### WHAT THIS TASK INVOLVES
Each entry below should appear again exactly as written, without pictures.
____________________
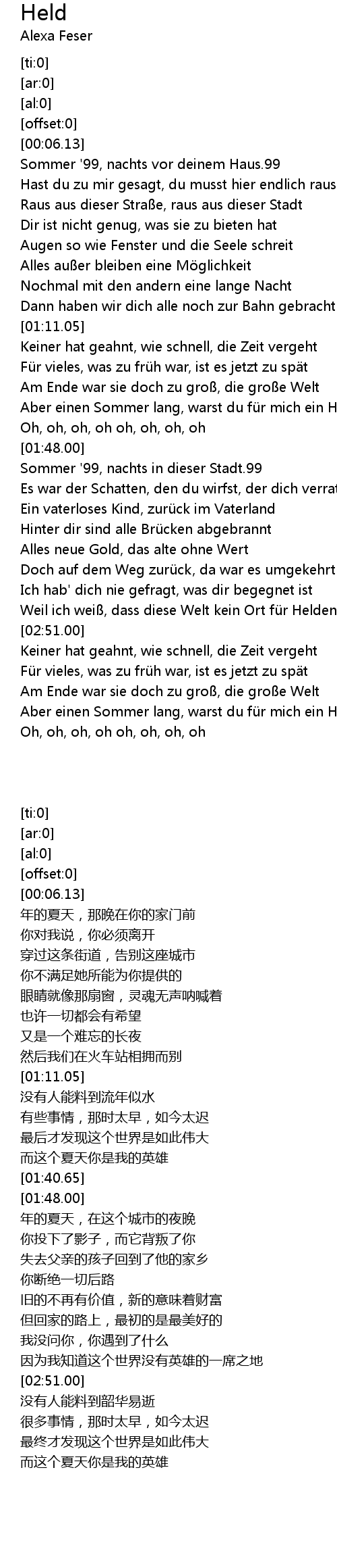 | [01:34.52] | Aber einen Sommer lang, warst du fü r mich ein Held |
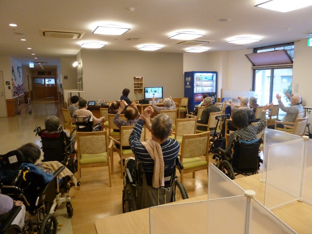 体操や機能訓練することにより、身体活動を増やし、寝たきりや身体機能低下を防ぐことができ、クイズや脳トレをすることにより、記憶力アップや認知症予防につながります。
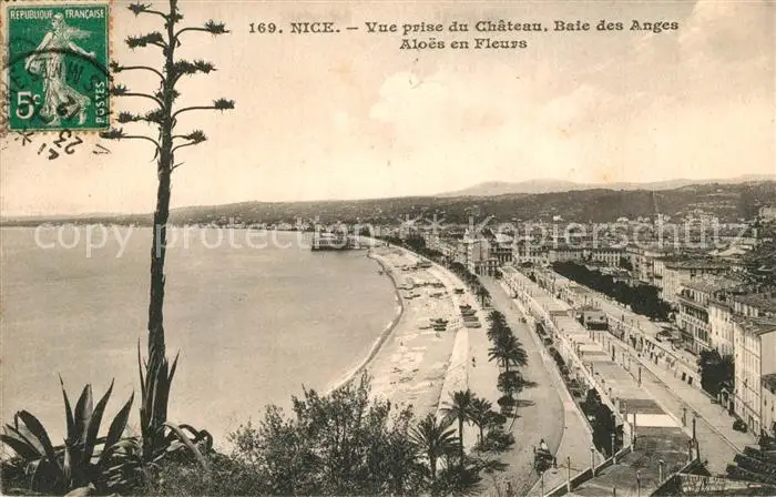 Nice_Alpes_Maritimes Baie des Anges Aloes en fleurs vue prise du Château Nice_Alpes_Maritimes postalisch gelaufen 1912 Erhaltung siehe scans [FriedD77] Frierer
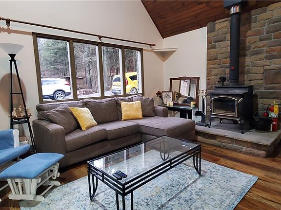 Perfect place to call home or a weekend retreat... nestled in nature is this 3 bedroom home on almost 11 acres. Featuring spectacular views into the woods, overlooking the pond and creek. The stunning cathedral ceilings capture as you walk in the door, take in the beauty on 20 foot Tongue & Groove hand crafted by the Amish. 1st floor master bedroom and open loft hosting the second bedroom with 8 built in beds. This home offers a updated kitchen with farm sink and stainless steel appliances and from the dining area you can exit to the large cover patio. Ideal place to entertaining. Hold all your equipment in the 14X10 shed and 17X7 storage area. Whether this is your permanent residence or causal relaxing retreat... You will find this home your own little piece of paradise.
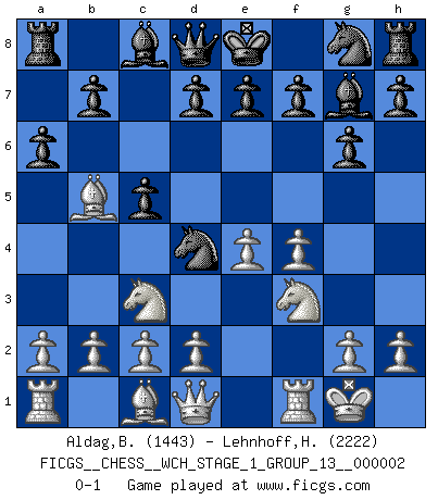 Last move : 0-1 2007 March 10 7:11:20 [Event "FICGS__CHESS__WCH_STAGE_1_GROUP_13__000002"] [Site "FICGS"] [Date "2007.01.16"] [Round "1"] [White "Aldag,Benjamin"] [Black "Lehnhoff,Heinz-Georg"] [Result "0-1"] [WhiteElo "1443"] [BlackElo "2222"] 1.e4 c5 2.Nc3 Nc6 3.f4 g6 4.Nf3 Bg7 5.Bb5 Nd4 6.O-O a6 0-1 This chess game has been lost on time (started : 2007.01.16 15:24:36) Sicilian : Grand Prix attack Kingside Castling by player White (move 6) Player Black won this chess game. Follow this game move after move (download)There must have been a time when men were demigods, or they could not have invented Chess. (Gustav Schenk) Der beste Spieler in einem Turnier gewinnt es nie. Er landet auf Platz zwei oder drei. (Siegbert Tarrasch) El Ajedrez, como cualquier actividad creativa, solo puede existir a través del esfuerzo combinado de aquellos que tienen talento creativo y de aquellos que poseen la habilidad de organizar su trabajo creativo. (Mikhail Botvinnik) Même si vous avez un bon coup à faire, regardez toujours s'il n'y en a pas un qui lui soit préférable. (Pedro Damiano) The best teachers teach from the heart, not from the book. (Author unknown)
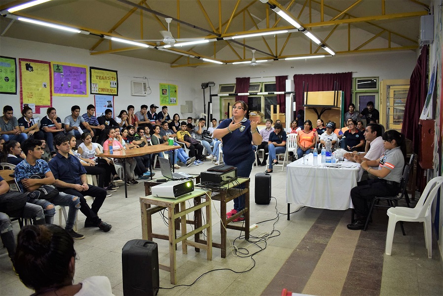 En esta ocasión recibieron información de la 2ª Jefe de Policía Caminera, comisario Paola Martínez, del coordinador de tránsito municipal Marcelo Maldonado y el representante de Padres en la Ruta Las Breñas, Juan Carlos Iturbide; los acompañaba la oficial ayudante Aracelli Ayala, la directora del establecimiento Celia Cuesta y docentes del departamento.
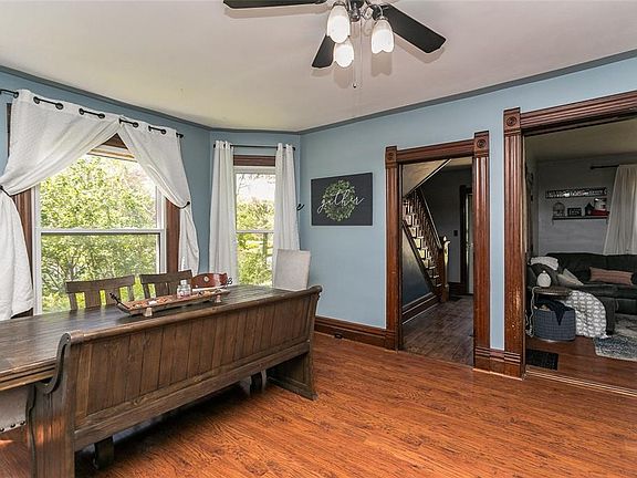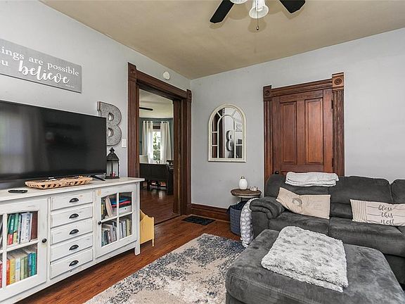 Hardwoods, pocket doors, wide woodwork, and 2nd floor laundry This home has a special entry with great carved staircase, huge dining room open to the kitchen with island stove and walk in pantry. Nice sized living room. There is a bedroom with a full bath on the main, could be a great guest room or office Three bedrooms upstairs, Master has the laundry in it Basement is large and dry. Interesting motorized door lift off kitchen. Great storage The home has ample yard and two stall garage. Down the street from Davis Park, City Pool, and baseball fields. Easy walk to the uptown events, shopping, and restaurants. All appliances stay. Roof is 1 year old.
____________________
### RESPONSE TO THIS EXERCISE
 | [01:34.52] | Aber einen Sommer lang, warst du fü r mich ein Held |
 体操や機能訓練することにより、身体活動を増やし、寝たきりや身体機能低下を防ぐことができ、クイズや脳トレをすることにより、記憶力アップや認知症予防につながります。
 Nice_Alpes_Maritimes Baie des Anges Aloes en fleurs vue prise du Château Nice_Alpes_Maritimes postalisch gelaufen 1912 Erhaltung siehe scans [FriedD77] Frierer
 Perfect place to call home or a weekend retreat... nestled in nature is this 3 bedroom home on almost 11 acres. Featuring spectacular views into the woods, overlooking the pond and creek. The stunning cathedral ceilings capture as you walk in the door, take in the beauty on 20 foot Tongue & Groove hand crafted by the Amish. 1st floor master bedroom and open loft hosting the second bedroom with 8 built in beds. This home offers a updated kitchen with farm sink and stainless steel appliances and from the dining area you can exit to the large cover patio. Ideal place to entertaining. Hold all your equipment in the 14X10 shed and 17X7 storage area. Whether this is your permanent residence or causal relaxing retreat... You will find this home your own little piece of paradise.
 Last move : 0-1 2007 March 10 7:11:20 [Event "FICGS__CHESS__WCH_STAGE_1_GROUP_13__000002"] [Site "FICGS"] [Date "2007.01.16"] [Round "1"] [White "Aldag,Benjamin"] [Black "Lehnhoff,Heinz-Georg"] [Result "0-1"] [WhiteElo "1443"] [BlackElo "2222"] 1.e4 c5 2.Nc3 Nc6 3.f4 g6 4.Nf3 Bg7 5.Bb5 Nd4 6.O-O a6 0-1 This chess game has been lost on time (started : 2007.01.16 15:24:36) Sicilian : Grand Prix attack Kingside Castling by player White (move 6) Player Black won this chess game. Follow this game move after move (download)There must have been a time when men were demigods, or they could not have invented Chess. (Gustav Schenk) Der beste Spieler in einem Turnier gewinnt es nie. Er landet auf Platz zwei oder drei. (Siegbert Tarrasch) El Ajedrez, como cualquier actividad creativa, solo puede existir a través del esfuerzo combinado de aquellos que tienen talento creativo y de aquellos que poseen la habilidad de organizar su trabajo creativo. (Mikhail Botvinnik) Même si vous avez un bon coup à faire, regardez toujours s'il n'y en a pas un qui lui soit préférable. (Pedro Damiano) The best teachers teach from the heart, not from the book. (Author unknown)
 En esta ocasión recibieron información de la 2ª Jefe de Policía Caminera, comisario Paola Martínez, del coordinador de tránsito municipal Marcelo Maldonado y el representante de Padres en la Ruta Las Breñas, Juan Carlos Iturbide; los acompañaba la oficial ayudante Aracelli Ayala, la directora del establecimiento Celia Cuesta y docentes del departamento.
 Hardwoods, pocket doors, wide woodwork, and 2nd floor laundry This home has a special entry with great carved staircase, huge dining room open to the kitchen with island stove and walk in pantry. Nice sized living room. There is a bedroom with a full bath on the main, could be a great guest room or office Three bedrooms upstairs, Master has the laundry in it Basement is large and dry. Interesting motorized door lift off kitchen. Great storage The home has ample yard and two stall garage. Down the street from Davis Park, City Pool, and baseball fields. Easy walk to the uptown events, shopping, and restaurants. All appliances stay. Roof is 1 year old.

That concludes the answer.